Exercise description:
Output, exactly as written, the lines below from the one that has "Christmas and New" through the one that has "Enquanto pesca na"; nothing else, and no pictures.

Data under study:
☆ ☆ ☆ ☆ ☆ ☆ ☆

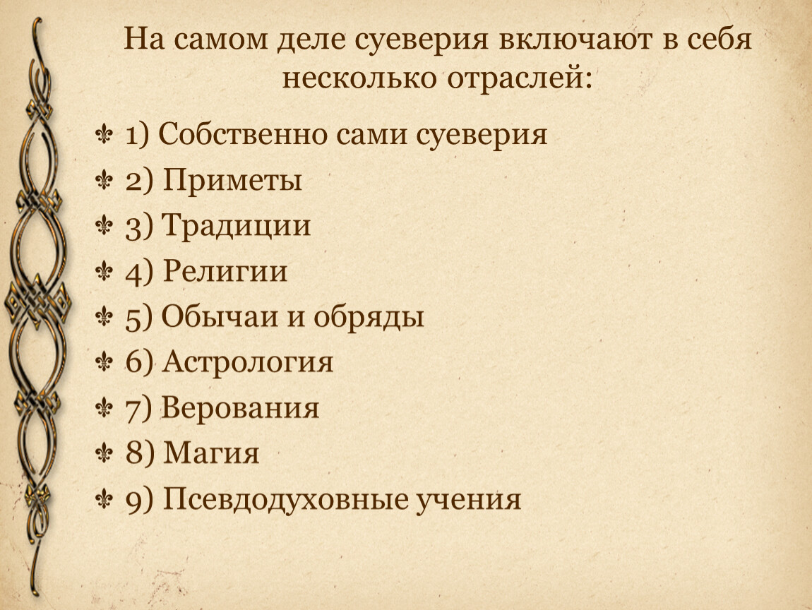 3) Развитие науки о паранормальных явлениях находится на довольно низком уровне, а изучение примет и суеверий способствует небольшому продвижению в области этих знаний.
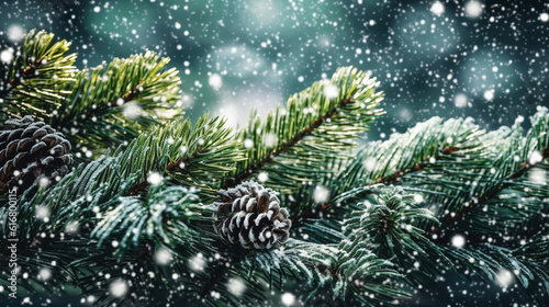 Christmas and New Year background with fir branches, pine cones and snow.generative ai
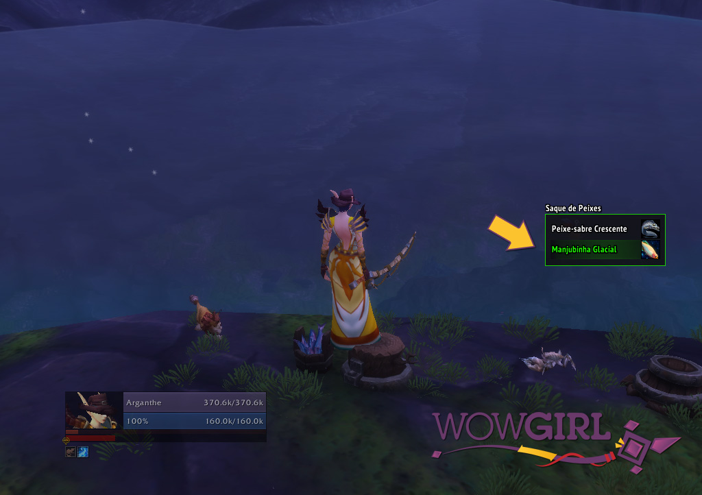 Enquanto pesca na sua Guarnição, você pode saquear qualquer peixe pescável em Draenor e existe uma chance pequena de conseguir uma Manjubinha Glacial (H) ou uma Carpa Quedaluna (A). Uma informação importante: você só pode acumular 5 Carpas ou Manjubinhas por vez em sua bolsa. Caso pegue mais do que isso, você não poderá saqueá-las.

☆ ☆ ☆ ☆ ☆ ☆ ☆

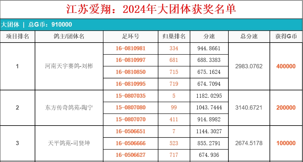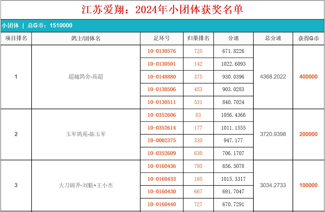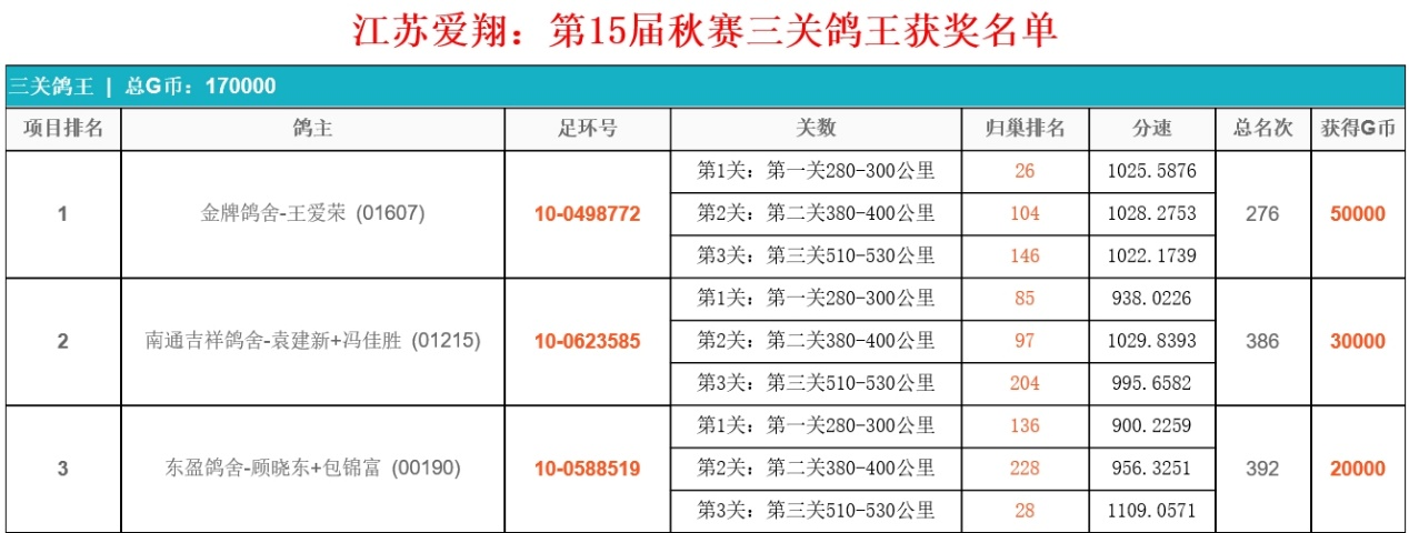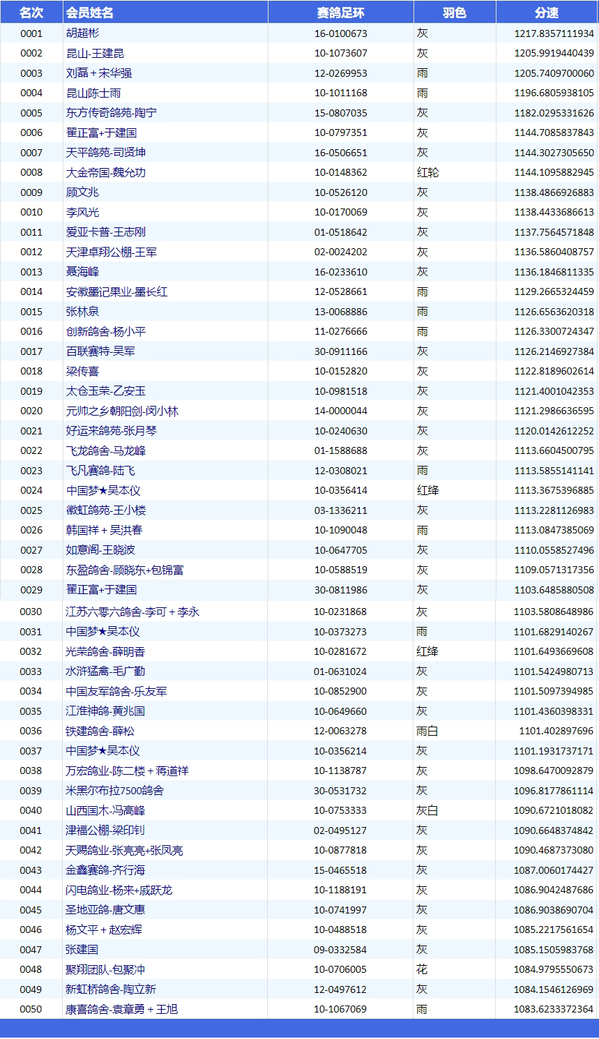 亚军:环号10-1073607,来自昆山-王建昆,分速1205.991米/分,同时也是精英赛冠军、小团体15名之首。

☆ ☆ ☆ ☆ ☆ ☆ ☆

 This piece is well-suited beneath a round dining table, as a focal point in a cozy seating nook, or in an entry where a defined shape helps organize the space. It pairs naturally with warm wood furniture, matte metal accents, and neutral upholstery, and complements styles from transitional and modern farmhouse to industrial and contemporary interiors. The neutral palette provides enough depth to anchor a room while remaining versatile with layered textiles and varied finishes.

☆ ☆ ☆ ☆ ☆ ☆ ☆

Result:
 Christmas and New Year background with fir branches, pine cones and snow.generative ai
 Enquanto pesca na sua Guarnição, você pode saquear qualquer peixe pescável em Draenor e existe uma chance pequena de conseguir uma Manjubinha Glacial (H) ou uma Carpa Quedaluna (A). Uma informação importante: você só pode acumular 5 Carpas ou Manjubinhas por vez em sua bolsa. Caso pegue mais do que isso, você não poderá saqueá-las.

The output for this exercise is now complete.